Pada Juni dan Oktober 2012, warga sipil dan pasukan keamanan negara di negara bagian Rakhine melakukan serangan yang menargetkan komunitas Muslim di 13 dari 17 kota-kota di negara bagian kota tersebut.

Akibat kekerasan ini dan pelanggaran berikutnya, lebih dari 150.000 orang, sebagian besar umat Islam, tetap terbatas di kamp kumuh seperti ghetto, di mana mereka ditolak kebebasan bergerak dan menghadapi kekurangan makanan dan bantuan kemanusiaan.

Pada November 2014, Fortify melaporkan tentang bagaimana pasukan keamanan negara Myanmar yang terlibat dalam perdagangan manusia dan penyelundupan Muslim Rohingya dari negara bagian Rakhine.

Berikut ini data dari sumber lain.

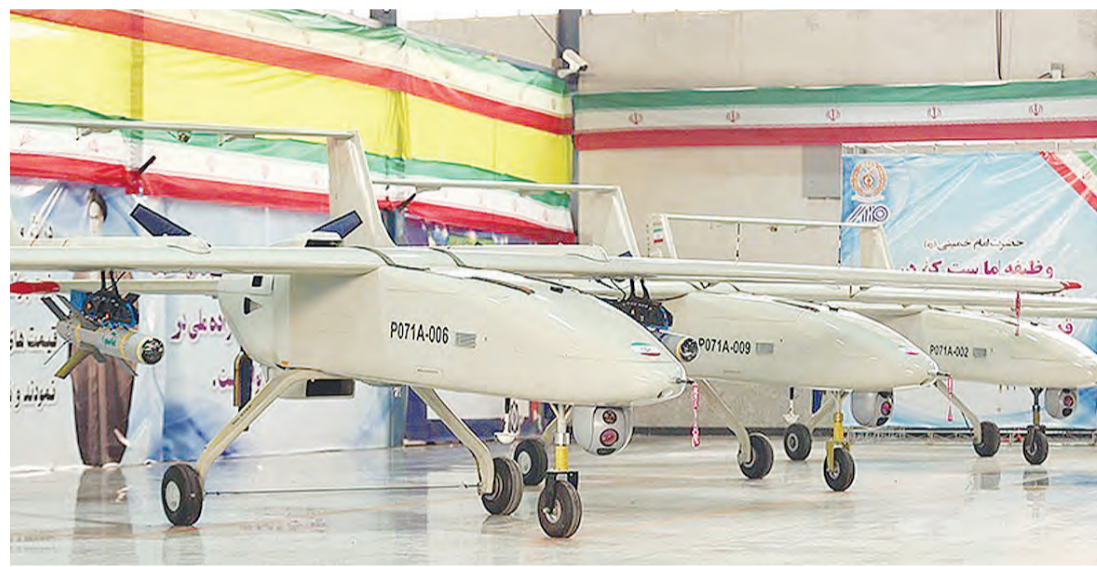
IRAN NEWS POLITICAL DESK

TEHRAN - Iran's permanent mission to the United Nations has dismissed the latest claim by the United States and its allies regarding Russia's use of Iranian drones in the Ukraine war.

Pasukan keamanan negara Myanmar di tempat itu telah menguras uang dari pencari suaka Rohingya yang melarikan diri Myanmar oleh kapal yang dioperasikan oleh sindikat kejahatan transnasional. Dalam beberapa kasus, Angkatan Laut Myanmar dikawal kapal yang dioperasikan oleh kelompok kriminal keluar ke perairan internasional.(T/P004/R11)

Mi’raj Islamic News Agency (MINA)

Wartawan: Admin

Editor:

Ikuti saluran WhatsApp Kantor Berita MINA untuk dapatkan berita terbaru seputar Palestina dan dunia Islam. Klik disini.